Chocolate makers, home bakers and face painters filled the Abba Shrine Center over the weekend as the Mobile Chocolate Festival returned for its seventh year, once again drawing a crowd eager to sample sweets while supporting a local cause.
Vendors lined the hall with everything from chocolate ice cream spiked with hot sauce to chocolate-syrup mustache art, vodka martinis, baklava, cakes and candies, all built around the festival’s central ingredient. A competitive edge ran through the event as well, with adults, high schoolers and younger children entering a “chocolate challenge” that featured raspberry truffles, a brownie martini, cupcakes, pralines and a chocolate sundae cake among the creations judged.
Behind the sugar rush is a serious mission. Proceeds from the festival benefit Penelope House, a Mobile-area organization that provides shelter and services to victims of domestic violence and their families. Executive Director Toni Ann Torrans said the festival has grown into one of the nonprofit’s most reliable fundraisers, though its popularity was far from guaranteed when it launched.
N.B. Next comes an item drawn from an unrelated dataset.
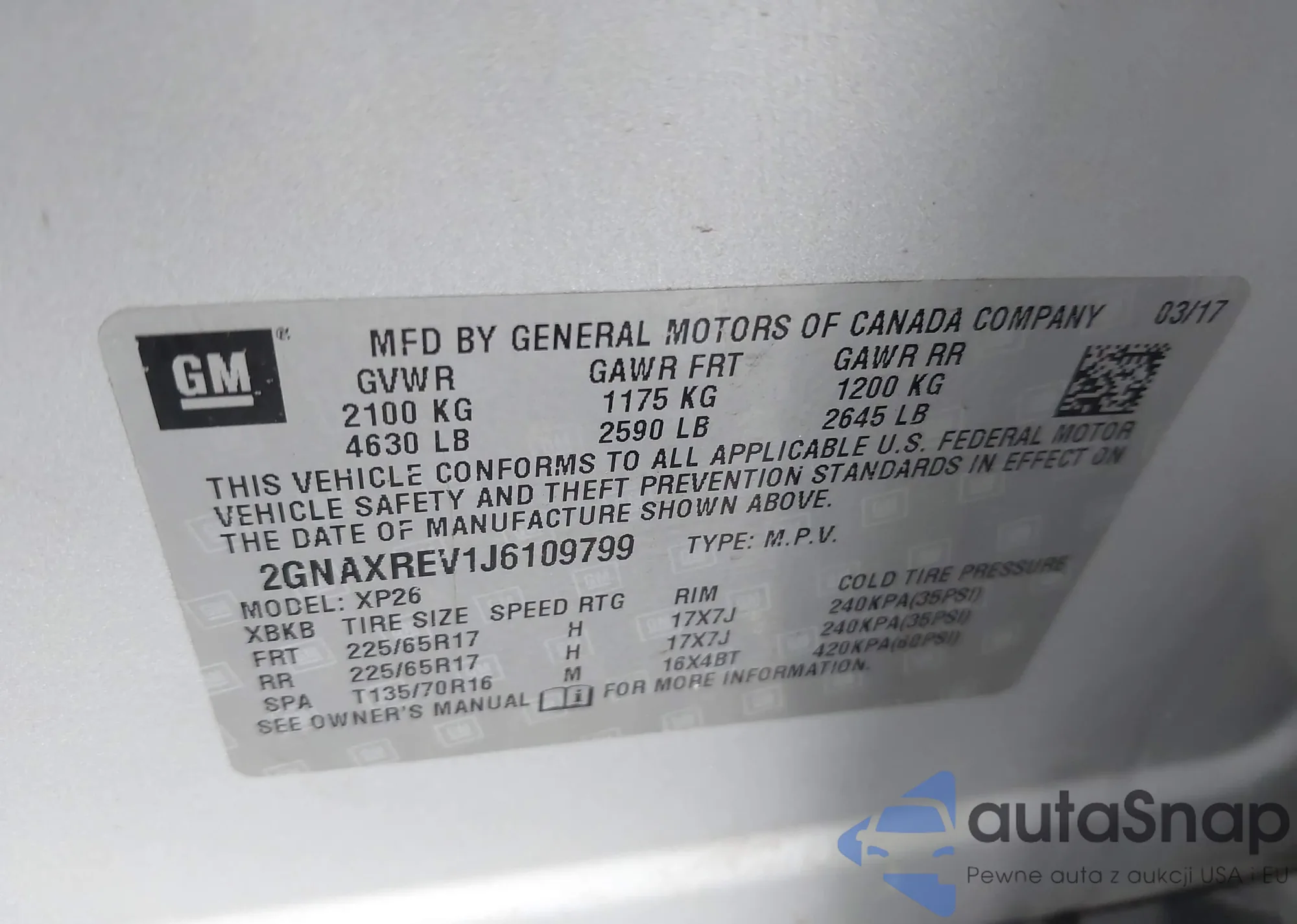 • VIN 2GNAXREV1J6109799

The idea traces back to Torrans’ mother, Kathryn Coumanis, who first dreamed up a chocolate bake-off as a simple way to raise money. Torrans expanded the concept into a full festival, first held in 2009 at the Greater Gulf State Fairgrounds inside the 43,000-square-foot Hocklander Hall. Uncertain how many people would show up, organizers had the massive space piped and draped down to a fraction of its size so a modest turnout wouldn’t look sparse. Roughly 400 to 500 people came that first year, a turnout Torrans described as both a relief and a surprise given how unpredictable planning a brand-new event can be.
Seven years later, the festival has become an established fixture on Mobile’s community calendar, giving Penelope House a way to fund its work while also opening a door to a subject that can be difficult to discuss publicly. Torrans said domestic violence isn’t an easy topic, and many people tend to avoid it, which is part of why the festival’s dual purpose matters: it functions as both a public awareness event for the organization’s mission and a straightforward draw for people who simply want a plate of chocolate.
Organizers say the event’s growth over the years reflects both Mobile’s appetite for community fundraisers built around food and the steady need for support services like those Penelope House provides to families across the region.